Thu Oct 17 14:16:54 UTC 2024

Yes, I agree to that.

We have Restart=on-abnormal in our systemd unit for unbound. If it met 
runtime error, which is not recoverable, it would make sure a new 
instance is started again, hopefully restoring it to working state. On 
the other hand, if I make just typo in configuration file, that is a 
final failure. But not a kind of issue where restart will likely help to 
fix it. That is why I do not like Restart=on-failure in services.

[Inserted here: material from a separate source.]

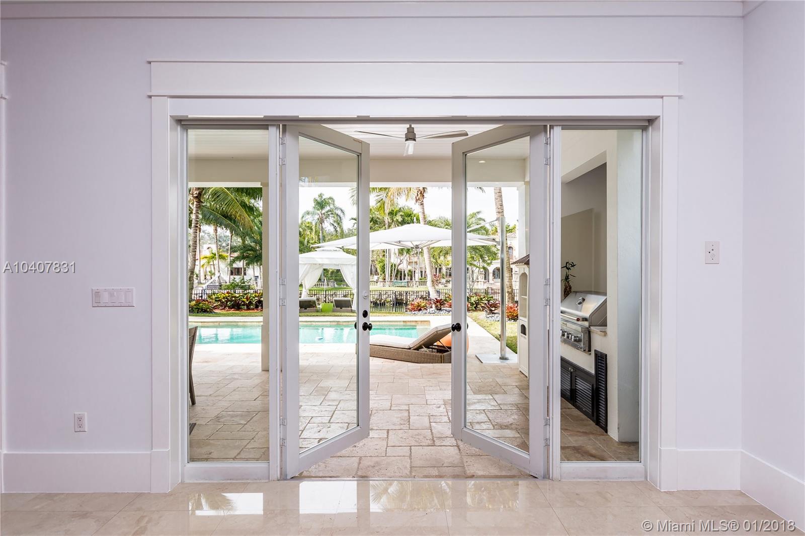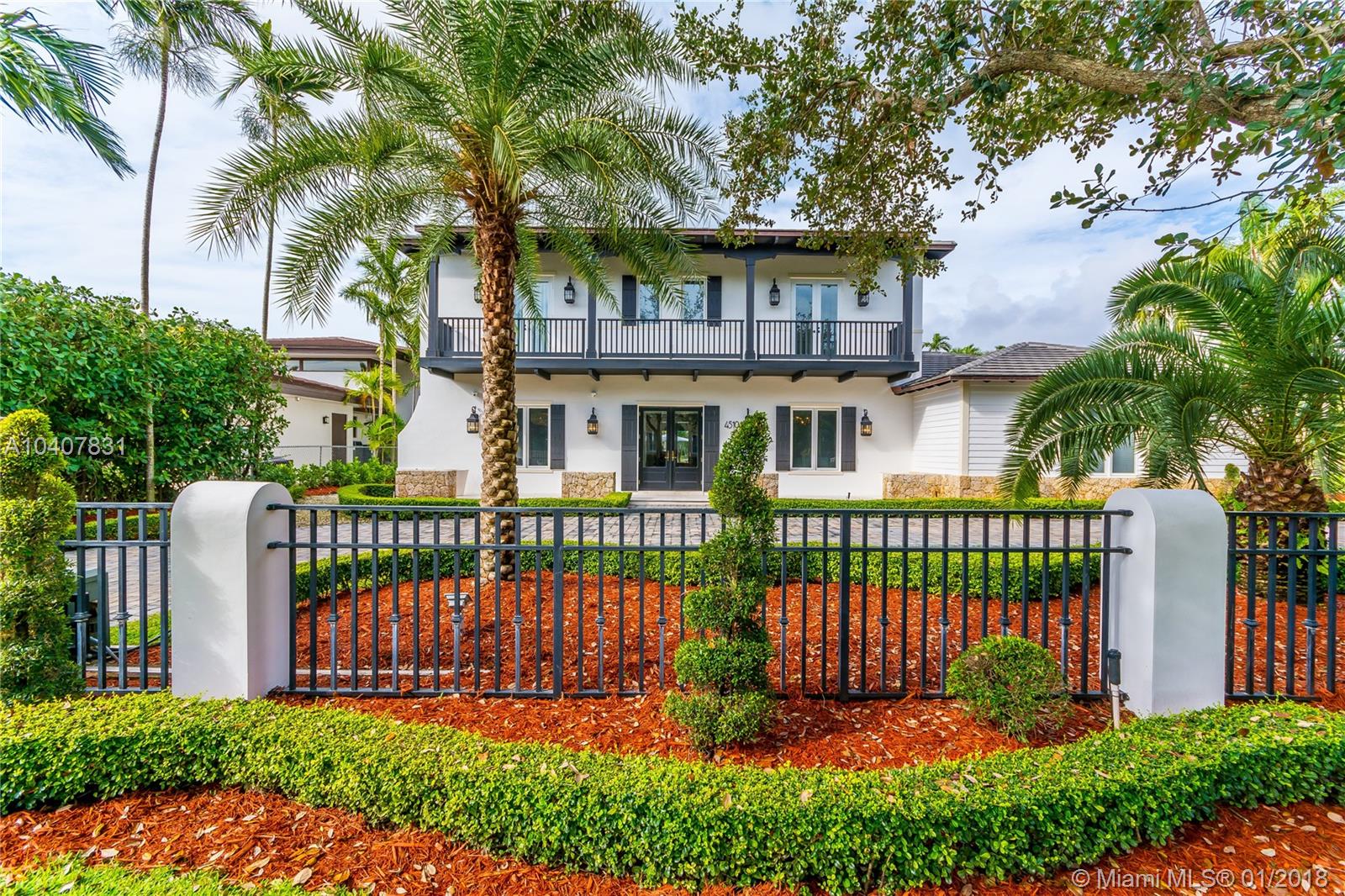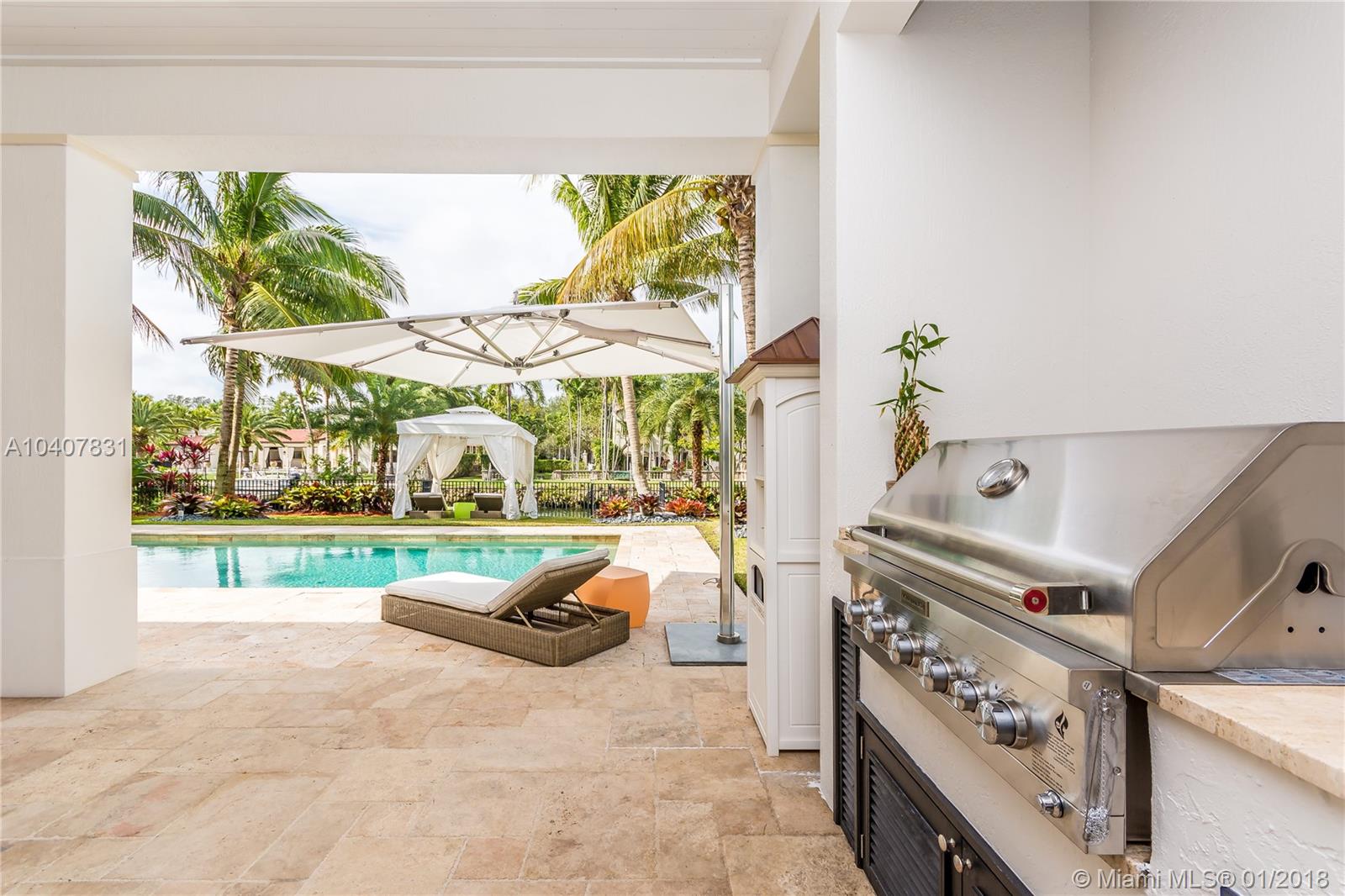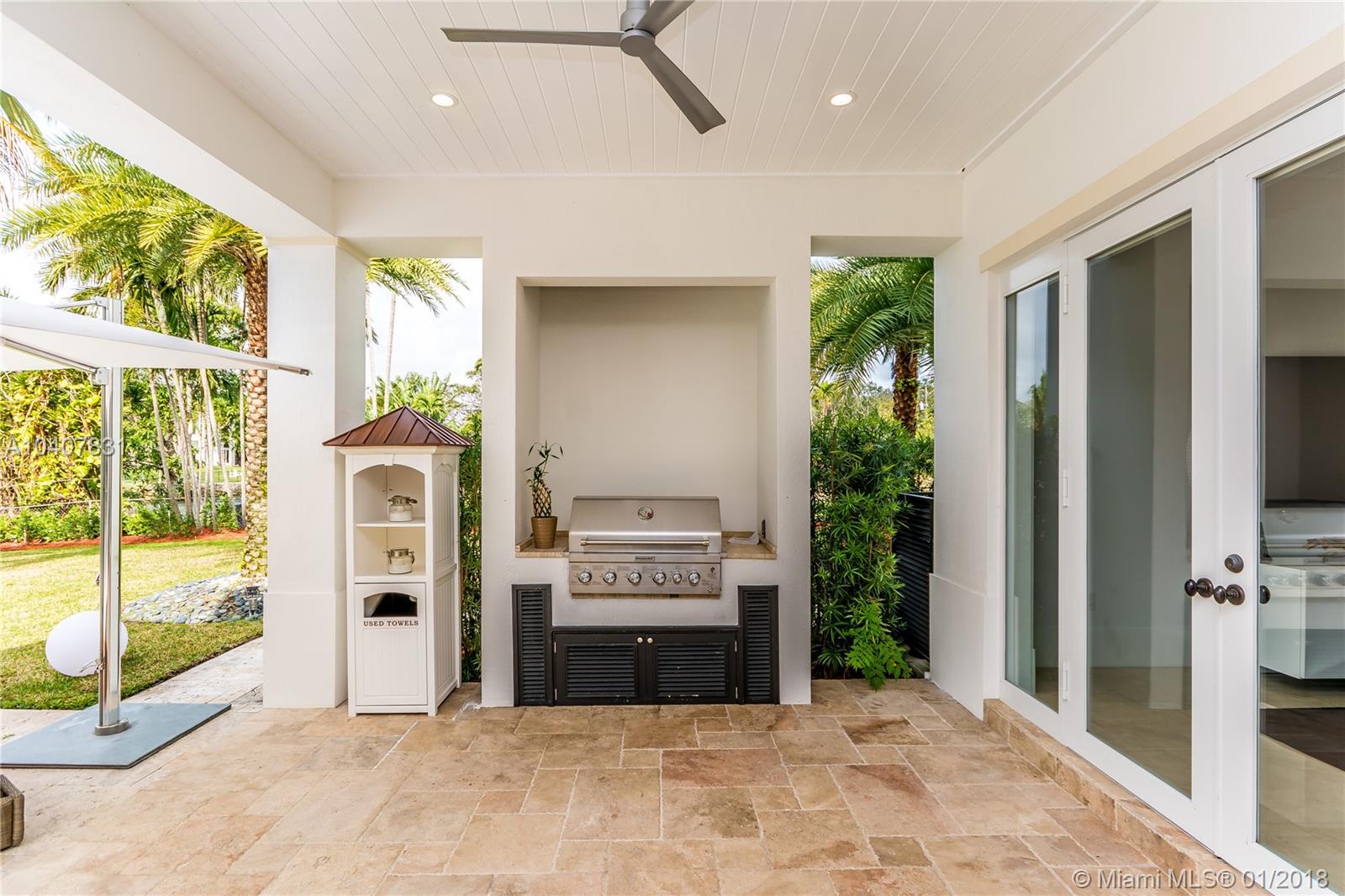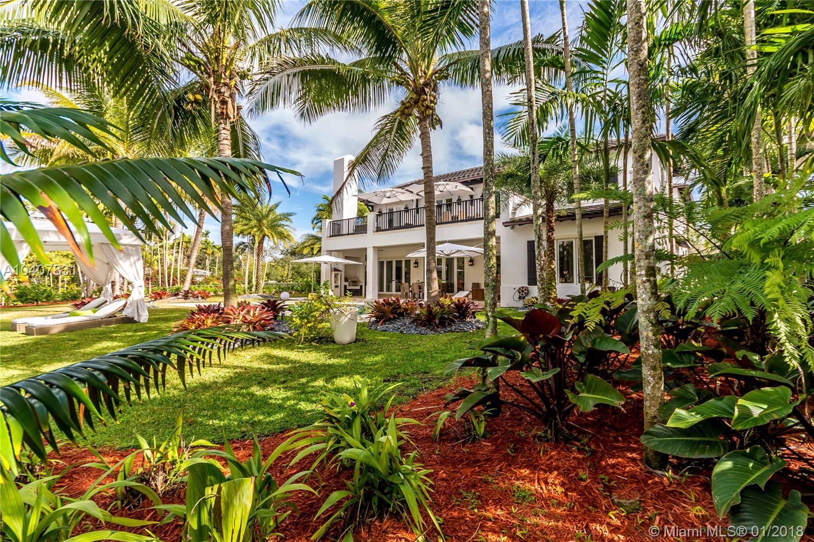 Spacious, gated, contemporary Island–style villa nestled in the heart of Coral Gables, on the Gables Waterway with ocean access. Abundant natural light, expansive verandas and terraces, gorgeous water views from the large entertaining kitchen, which itself boasts a single-slab marble wall. Completely renovated and updated with 6 bedrooms, 7.5 bathrooms (all bathrooms are en suite), 3-car garage, Chicago-brick driveway, impact windows and doors, security cameras and "smart home" features, wine cellar, and lighted tropical landscaping. Formal living and dining areas, plus family room open to the kitchen and facing the pool patio and waterway, all designed for gracious, elegant, yet relaxed tropical living

It would be great, if described errors could lead to fatal_abort indeed. 
Of course primary issue for it should be fixed. But described error is 
something, where restart should fix the issue. At least on Fedora it is 
common, that services do not create core dump by default. But that can 
be changed. At least emitting different exit code when runtime error 
happened is useful. abort() call does that and systemd process it.

Cheers,
Petr

On 15. 10. 24 5:33, David Pfitzner via Unbound-users wrote:
> Recently, I have had cases where unbound (v1.20.0) occasionally exits with
> a log message like:
>
>    fatal error: event_dispatch returned error -1, errno is Bad file
> descriptor
>
> If that is a known issue I would be interested to hear, but that is not
> actually my main point, which is: In this case it is not clear (at least to
> me) what the detailed cause of the fatal error was, and so I think it would
> be useful if unbound would generate a core file in cases like this, as that
> might help to understand the problem. That is, for the fatal_exit()
> function (which generates the above message) to call abort() rather than
> exit(1). So my question is, would it be reasonable to modify fatal_exit()
> to do that?
>
> I could imagine possibly not, because fatal_exit() may be called in a lot
> of cases, including, for example, bad configuration, and in many of those
> cases the cause of the error may be immediately obvious, so a core file
> could be considered superfluous.
>
> Or, would such a feature be more palatable if it was enabled by some sort
> of global config option or command-line parameter etc?
>
> Alternatively, one could change just the code (in comm_base_dispatch())
> which calls fatal_exit() with the above message, so that it dumps core
> instead of calling fatal_exit(). But then I would worry that other calls to
> fatal_exit() may have a similar problem in future.
>
> Or, maybe there should be two functions, eg fatal_exit() and fatal_abort(),
> and cases where the cause could be unclear could use the latter one.
>
> Any thoughts?
>
> I have applied a local change to make fatal_exit() dump core for me, but
> was wondering whether something like that could be applied upstream.
>
> Regards,
> David Pfitzner
>
-- 
Petr Menšík
Software Engineer, RHEL
Red Hat, http://www.redhat.com/
PGP: DFCF908DB7C87E8E529925BC4931CA5B6C9FC5CB